The fundamental difference between join and select/race is how they handle futures completing their work: a join finishes when all futures finish, a select/race finishes when one future finishes (all the others are cancelled). There are also variations of both for handling errors.

These constructs (or similar concepts) are often used with streams, we'll touch on this below, but we'll talk more about that in the streams chapter.

If you want parallelism (or you don't explicitly not want parallelism), spawning tasks is often a simpler alternative to these composition constructs. Spawning tasks is usually less error-prone, more general, and performance is more predictable. On the other hand, spawning is inherently less structured, which can make lifecycle and resource management harder to reason about.

It's worth considering the performance issue in a little more depth. The potential performance problem with concurrent composition is the fairness of time sharing. If you have 100 tasks in your program, then typically the optimal way to share resources is for each task to get 1% of the processor time (or if the tasks are all waiting, then for each to have the same chance of being woken up). If you spawn 100 tasks, then this is usually what happens (roughly). However, if you spawn two tasks and join 99 futures on one of those tasks, then the scheduler will only know about two tasks and one task will get 50% of the time and the 99 futures will each get 0.5%.

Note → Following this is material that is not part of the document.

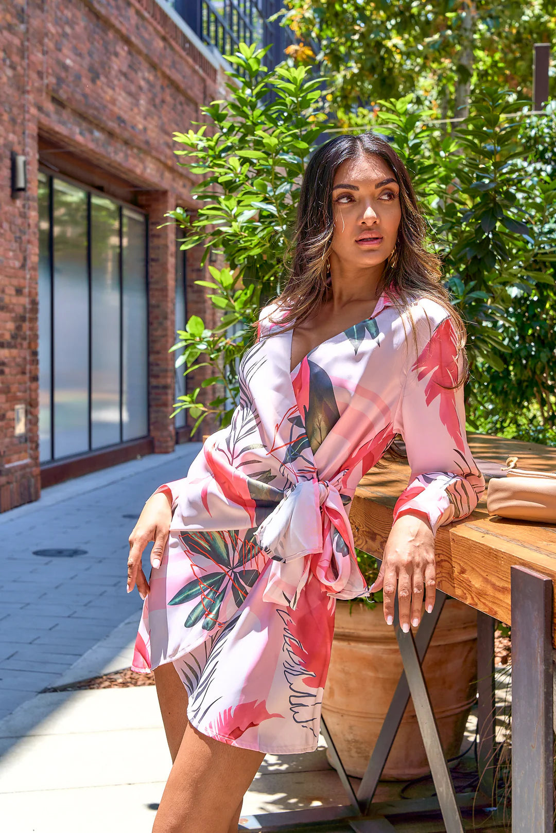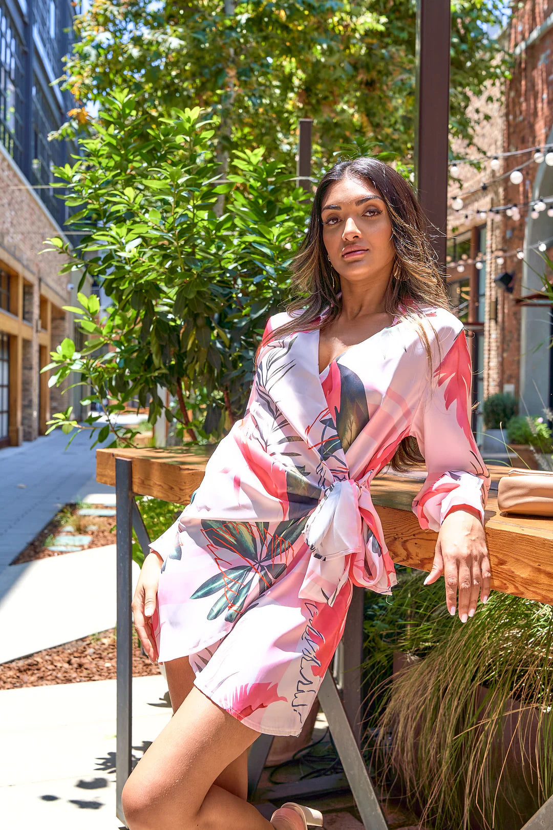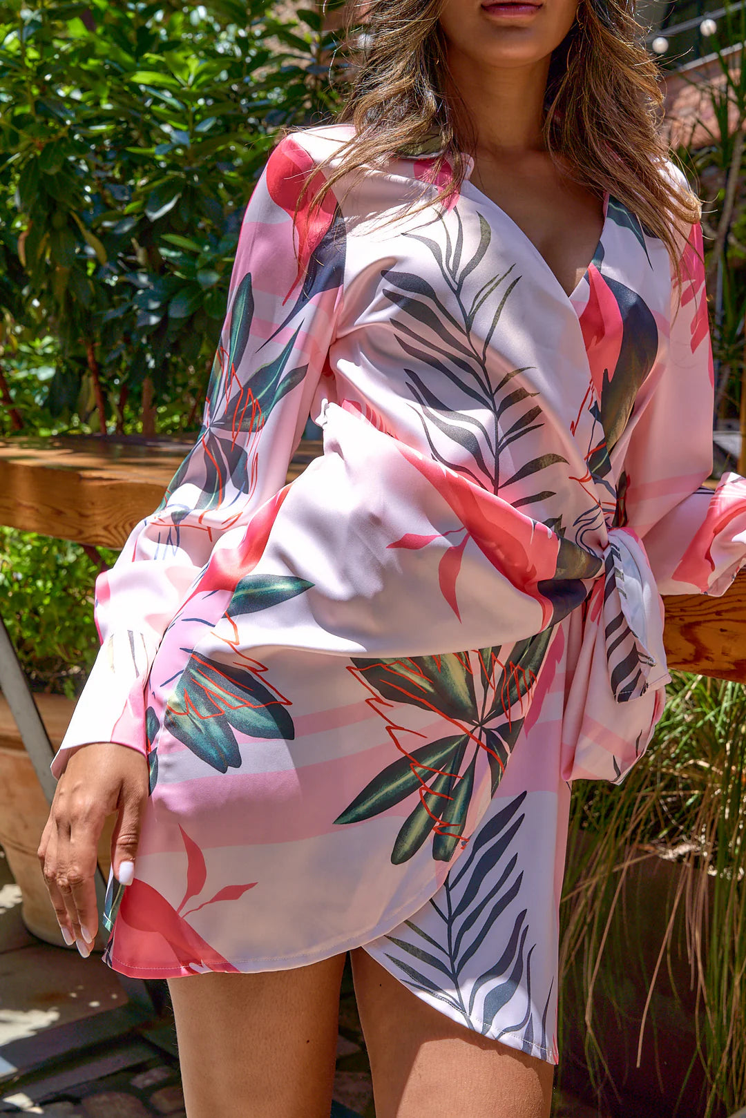 TROPICAL PRINTED WRAPAROUND DRESS

Usually the distribution of tasks is not so biased, and very often we use join/select/etc. for things like timeouts where this behaviour is actually desirable. But it is worth considering to ensure that your program has the performance characteristics you want.

Join

Tokio's join macro takes a list of futures and runs them all to completion concurrently (returning all the results as a tuple). It returns when all the futures have completed. The futures are always executed on the same thread (concurrently and not in parallel).

Here's a simple example:

async fn main() {
  let (result_1, result_2) = join!(do_a_thing(), do_a_thing());
  // Use `result_1` and `result_2`.
}

Here, the two executions of do_a_thing happen concurrently, and the results are ready when they are both done. Notice that we don't await to get the results. join! implicitly awaits its futures and produces a value. It does not create a future. You do still need to use it within an async context (e.g., from within an async function).

Although you can't see it in the example above, join! takes expressions which evaluate to futures¹. join does not create an async context in it's body and you shouldn't await the futures passed to join (otherwise they'll be evaluated before the joined futures).

Because all the futures are executed on the same thread, if any future blocks the thread, then none of them can make progress. If using a mutex or other lock, this can easily lead to deadlock if one future is waiting for a lock held by another future.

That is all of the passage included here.